[MATERIAL FOR THIS TASK]

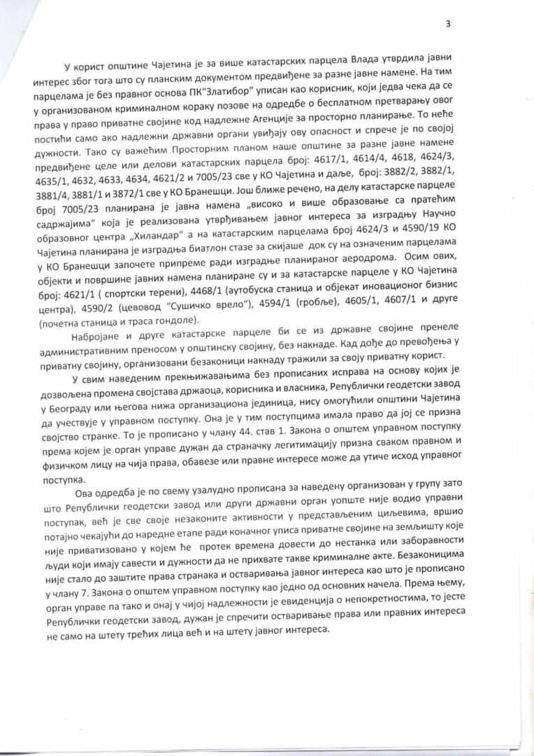 Predsednik Opštine Čajetina je podsetio na slučaj sa tadašnjom ministarkom Zoranom Mihajlović kada je zamalo preneto 2213 hektera u privatno vlansništvo na osnovu „navodonog ugovora“.
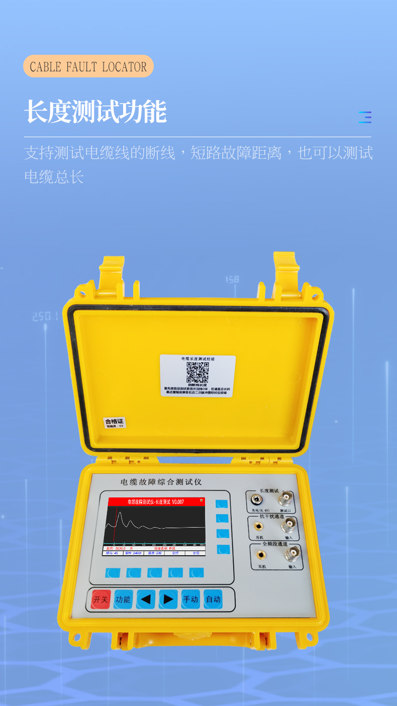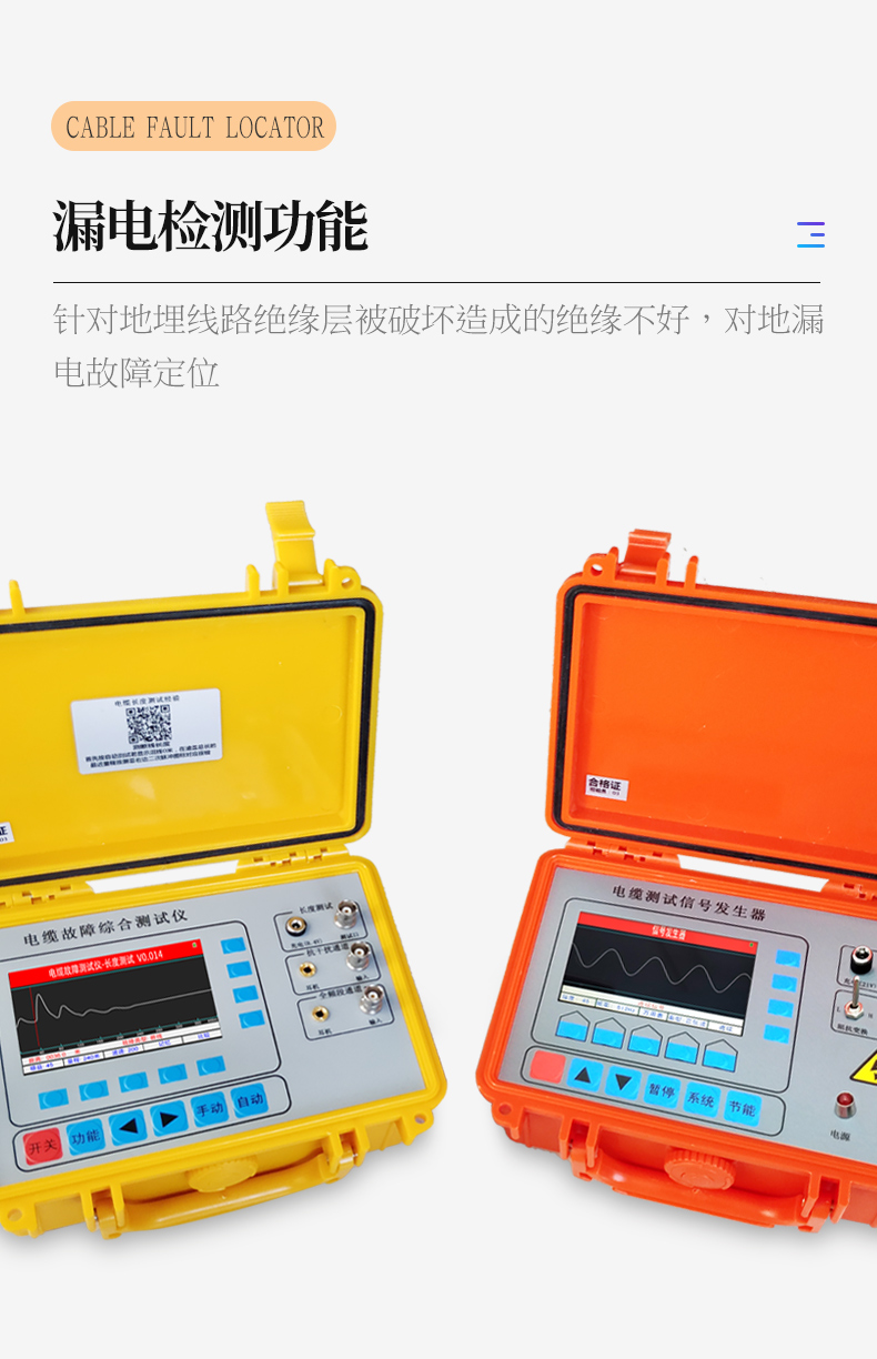 | 1、長度測試:斷電狀態(tài)下可以直接測試電纜的斷線、短路故障距離長度。 | 2、斷電狀態(tài)下配合信號發(fā)生器定位直埋電纜對地漏電位置,測地埋電纜路徑走向及深度。 | 3、全頻段通道:通電狀態(tài)下使用探桿測試直埋低壓電纜對地輕微漏電故障位置。是縮短故障查找時(shí)間、提高工作效率、減輕線路維護(hù)人員勞動(dòng)強(qiáng)度的得力工具。 |
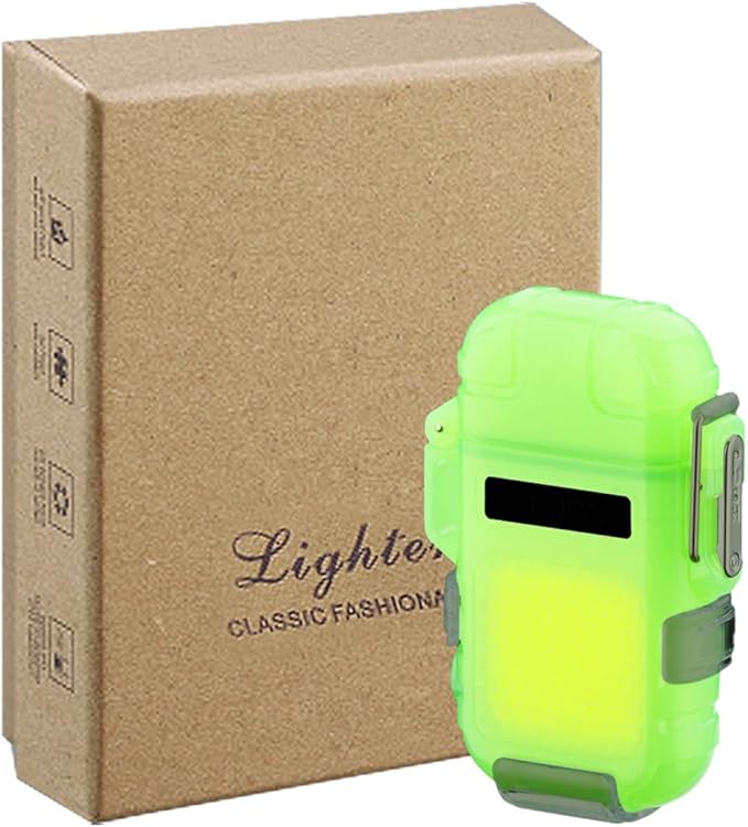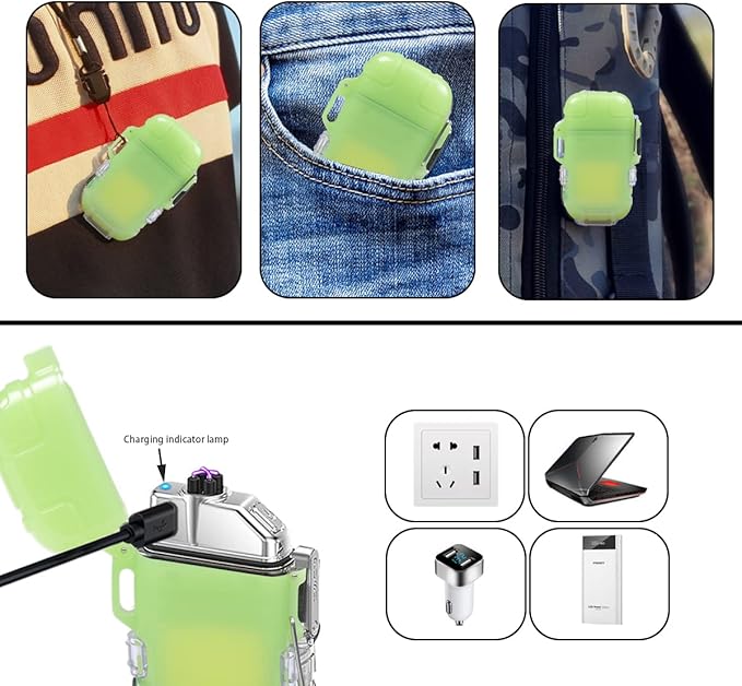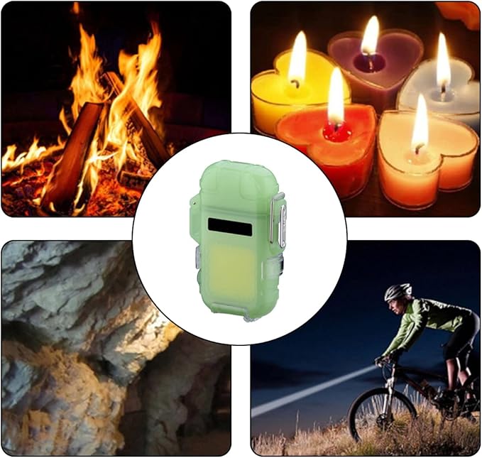 Outdoor Arc Electric Lighter USB Rechargeable Lighter LED Flashlight Double Arc Plasma Lighter Perfect for Camping Hiking Traveling (Noctilucent)
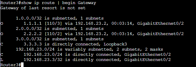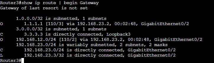 Router3でLoopback2のセグメントをアドバタイズしなくなったのでRouter3のルーティングテーブルからLoopback2の2:2:2:2に関するルーティング情報が消えています。
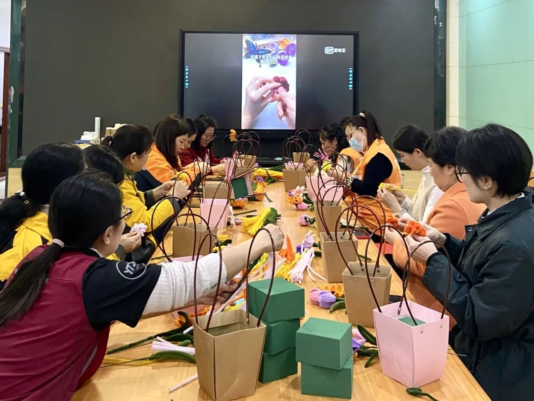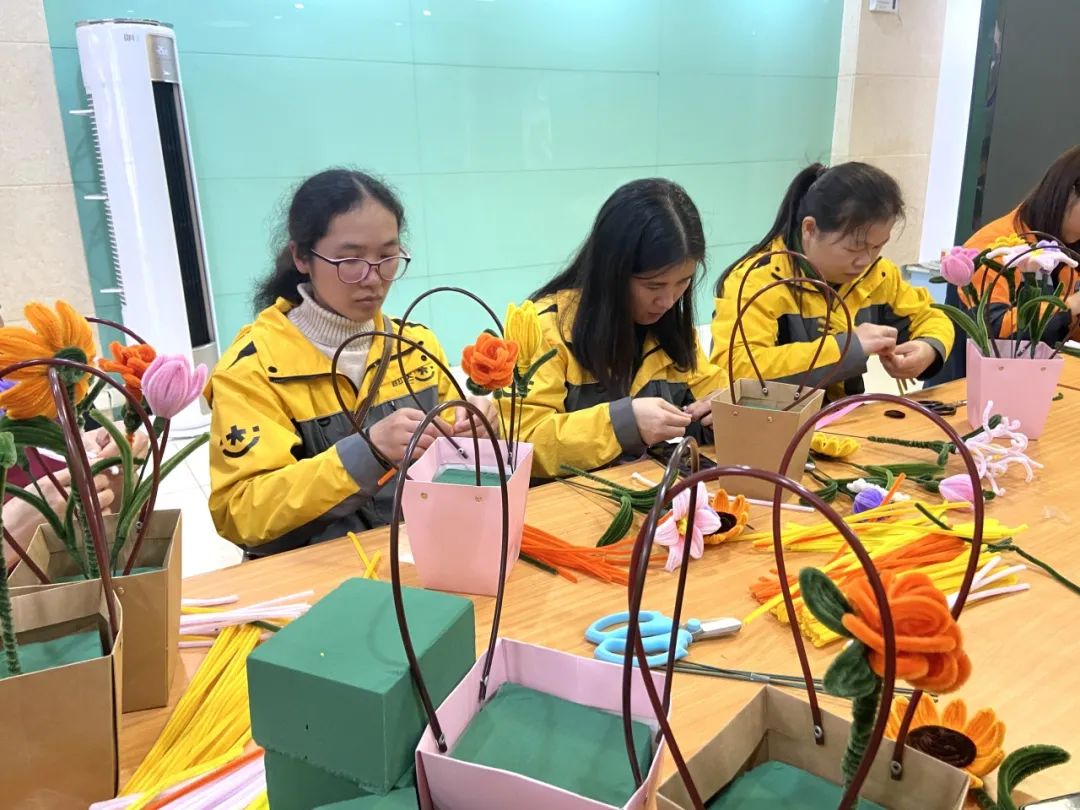此次主题活动主要包括手工绒花制作评比和妇女权益保护等法律知识宣贯两项内容,邮政、顺丰、韵达、圆通、加运美等多家企业的25名女职工代表参加了活动。活动现场,培训老师向参加人员介绍了“绒花”历史,对制作流程和工艺要求等进行了细致讲解,并向大家发放了包含毛线棒、花篮、花泥等工具的制作素材包,带领各女职工编织手工绒花及组合插花,并对大家的制作成果进行评比表彰,充分调动女职工参与活动的积极性和主动性。同时,活动组织对新修订的《中华人民共和国妇女权益保障法》等法律法规和反家庭暴力、合同纠纷、反诈等相关法律知识进行解读,针对当前结婚生育、人身权利等领域侵害妇女合法权益的问题,深刻讲述妇女维权知识,并与女职工代表进行现场互动,解答大家提出的家庭纠纷、合同纠纷、权益保障等方面问题。活动现场还为女职工代表们送上了关爱慰问礼包和茶点饮品,进一步增强妇女同胞的凝聚力、自信心和幸福感。
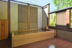 館内施設 : 貸切露天風呂「鹿覗きの湯」、貸切内湯「観月の湯」、薬王岩盤浴、天下人サウナ
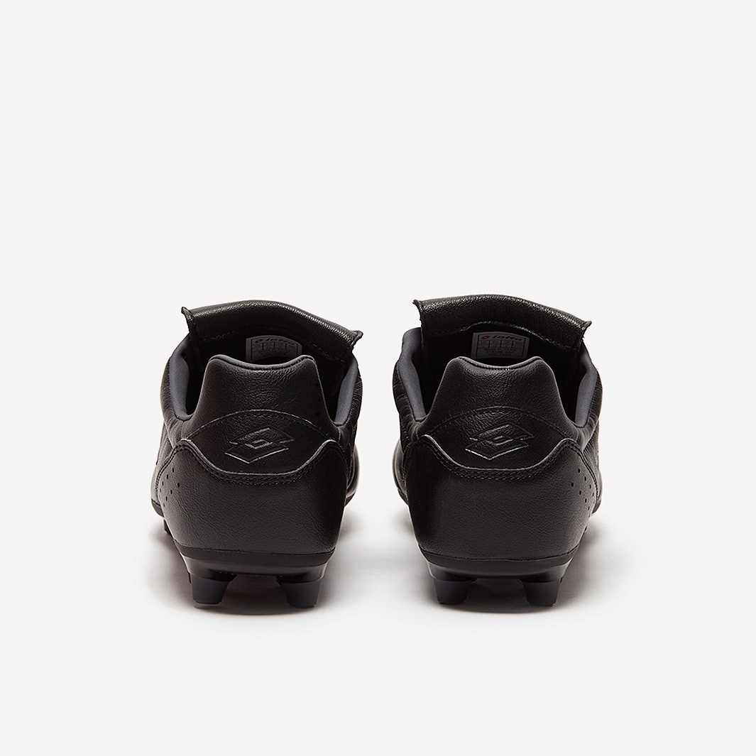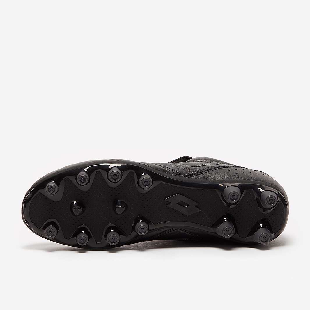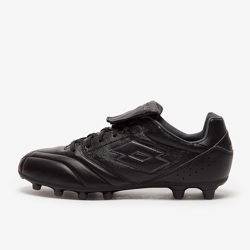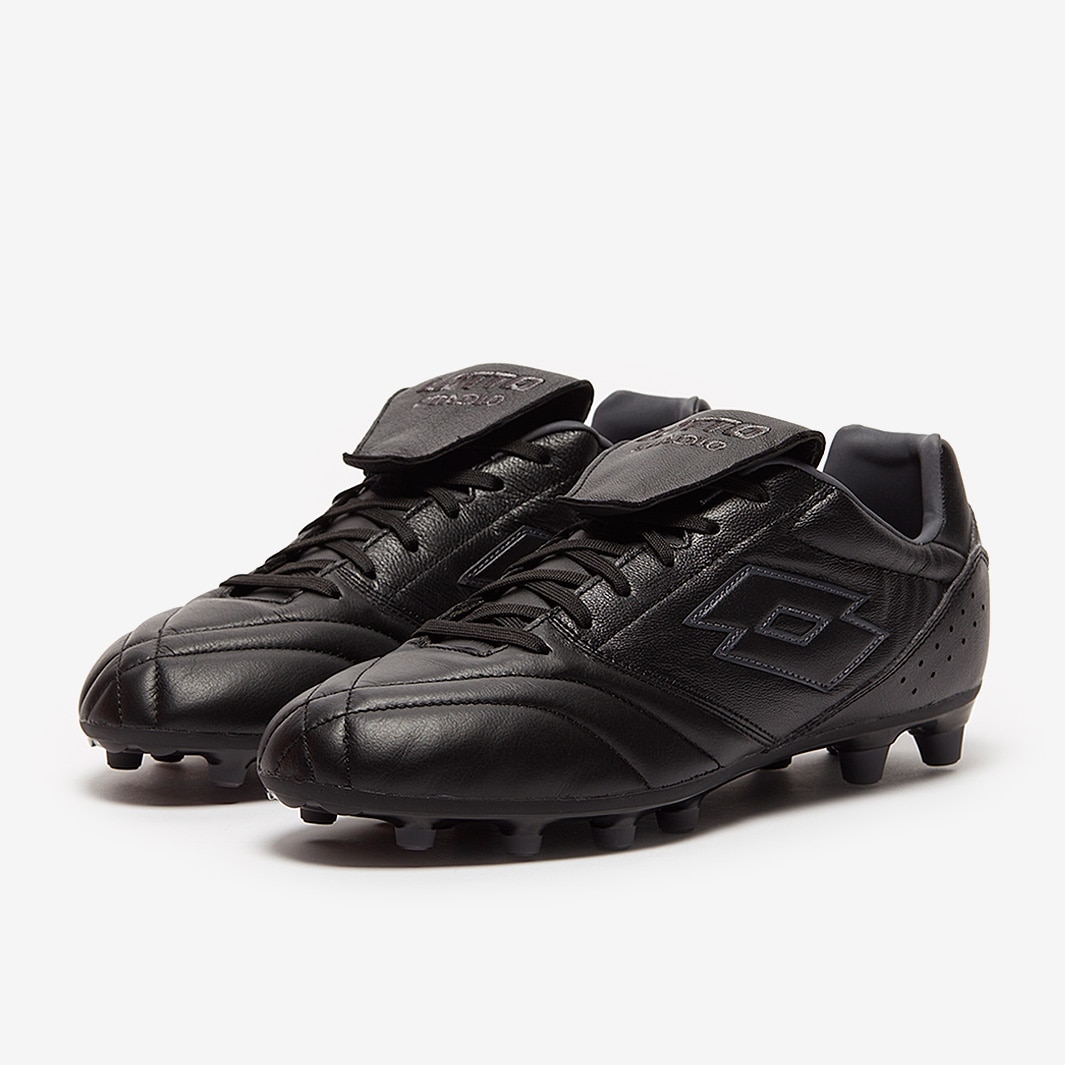 These are the Lotto Stadio 200 III FG football boots in Black/Asphalt, featuring a leather upper for a perfect first touch.

[/MATERIAL FOR THIS TASK]

PROBLEM REQUIREMENTS:
Please copy the records above word for word, leaving out every picture.

WRITTEN ANSWER:
 Predsednik Opštine Čajetina je podsetio na slučaj sa tadašnjom ministarkom Zoranom Mihajlović kada je zamalo preneto 2213 hektera u privatno vlansništvo na osnovu „navodonog ugovora“.
 | 1、長度測試:斷電狀態(tài)下可以直接測試電纜的斷線、短路故障距離長度。 | 2、斷電狀態(tài)下配合信號發(fā)生器定位直埋電纜對地漏電位置,測地埋電纜路徑走向及深度。 | 3、全頻段通道:通電狀態(tài)下使用探桿測試直埋低壓電纜對地輕微漏電故障位置。是縮短故障查找時(shí)間、提高工作效率、減輕線路維護(hù)人員勞動(dòng)強(qiáng)度的得力工具。 |
 Outdoor Arc Electric Lighter USB Rechargeable Lighter LED Flashlight Double Arc Plasma Lighter Perfect for Camping Hiking Traveling (Noctilucent)
 Router3でLoopback2のセグメントをアドバタイズしなくなったのでRouter3のルーティングテーブルからLoopback2の2:2:2:2に関するルーティング情報が消えています。
此次主题活动主要包括手工绒花制作评比和妇女权益保护等法律知识宣贯两项内容,邮政、顺丰、韵达、圆通、加运美等多家企业的25名女职工代表参加了活动。活动现场,培训老师向参加人员介绍了“绒花”历史,对制作流程和工艺要求等进行了细致讲解,并向大家发放了包含毛线棒、花篮、花泥等工具的制作素材包,带领各女职工编织手工绒花及组合插花,并对大家的制作成果进行评比表彰,充分调动女职工参与活动的积极性和主动性。同时,活动组织对新修订的《中华人民共和国妇女权益保障法》等法律法规和反家庭暴力、合同纠纷、反诈等相关法律知识进行解读,针对当前结婚生育、人身权利等领域侵害妇女合法权益的问题,深刻讲述妇女维权知识,并与女职工代表进行现场互动,解答大家提出的家庭纠纷、合同纠纷、权益保障等方面问题。活动现场还为女职工代表们送上了关爱慰问礼包和茶点饮品,进一步增强妇女同胞的凝聚力、自信心和幸福感。
 館内施設 : 貸切露天風呂「鹿覗きの湯」、貸切内湯「観月の湯」、薬王岩盤浴、天下人サウナ
 These are the Lotto Stadio 200 III FG football boots in Black/Asphalt, featuring a leather upper for a perfect first touch.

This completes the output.